23 [июля]. Кулих, снабдивши меня бумагою, пером и чернилами, предложил мне с собою пообедать, быть может, в последний раз. На такой трогательный довод сказать было нечего, и я согласился тем охотнее, что Фиалковский, веселый и умный малый, случился тут же и тоже не отказывался от солдатской трапезы. Кулих, как каптенармус, к обыкновенным щам и каше прибавил кусок жареной баранины; я достал из кармана большой огурец (без этого лакомства я не являюсь в укрепление), Фиялковский тоже достал из кармана и поставил на стол бутылку с водкой. Не пышно, но с аппетитом и так искренно, весело мы пообедали, как дай бог всем добрым людям так каждый день обедать. За обедом и после обеда Фиялковский забавно подтрунивал над Кулихом, его чином и в особенности над его тепленьким местом. Кулих, чтобы отделаться от неистощимого Фиялковского, обратился ко мне с вопросом: как мне нравится книга, которую он принес для меня из Уральска? Я, разумеется, сказал, что очень нравится. На что Фиялковский страшно захохотал и громогласно назвал Либельта просто дурнем за то, что он написал такую книгу, Пшевлоцкого за то, что он купил эту книгу, а Кулиха дубельтовым дурнем за то, что он 500 верст нес на плечах своих эту пустую, увесистую книгу. Кулих не на шутку обиделся такой нецеремонной критикой и требовал ясных доказательств на такую грубую клевету. Чтобы утишить возникавшую ссору, я пригласил приятелей к себе на огород пить чай. Предложение было принято, и мы отправились под мою вербу. Либельт лежал у меня под подушкой, и я в ожидании чайника предложил Фиялковскому прочесть вслух страничку из сего великого творения; он охотно это исполнил. Кулих не поверил слышанному. Он думал, что Фиялковский импровизирует и продолжает трунить над его тяжелою ношею, вырвал у него из рук книгу и прочитал сам весь параграф о фантазии. “Что?” спросил Фиялковский наивно изумленного Кулиха. “Пшевлоцкий, отвечал он, цивилизованный дурень: вот и все!” “Насмешки” Фиялковский возобновил с прежней силою, пока не остановил его своим приходом общий наш приятель Кампиньони. Этот бессовестный пьяница ради рюмки лимоновки не постыдился подойти к нам и поздравлять меня с получением свободы. Мы встали и разошлись в разные стороны, предоставив в полное распоряжение незваного гостя чайник и бутылку с лимоновкой. Вежливость за вежливость.

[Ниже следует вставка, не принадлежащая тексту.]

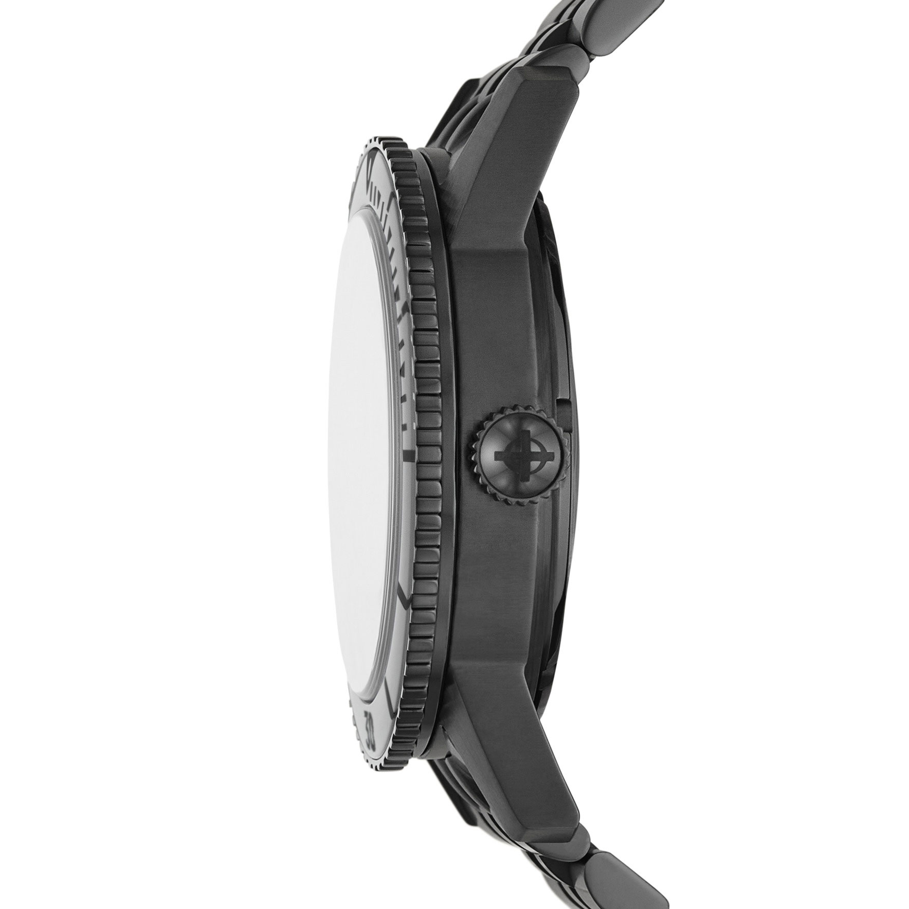 a gray brushed stainless steel five link deployment clasp bracelet. The watch is powered by a Swiss made STOP 1-11 automatic mechanical movement.

Ночь была лунная, тихая, очаровательная ночь! Я долго гулял по огороду, а нежные наши дамы (комендантша [Ускова] и Баженова) из опасения простудиться сидели за сальным огарком в вонючей киргизской кибитке и, разумеется, сплетничали. Им бы предложить эстетику Либельта: чтобы они из нее сделали? Наверное, папильотку. И это естественно. Для человека-материалиста, которому бог отказал в святом, радостном чувстве понимания его благодати — его нетленной красоты, для такого получеловека всякая теория прекрасного ничего больше как пустая болтовня; для человека же, одаренного этим божественным разумом — чувством, подобная теория также пустая болтовня и еще хуже — шарлатанство. Если бы эти безжизненные ученые эстетики, эти хирурги прекрасного, вместо теории, писали историю изящных искусств, тут была бы очевидная польза. Вазари [140] переживет целые легионы Либельтов.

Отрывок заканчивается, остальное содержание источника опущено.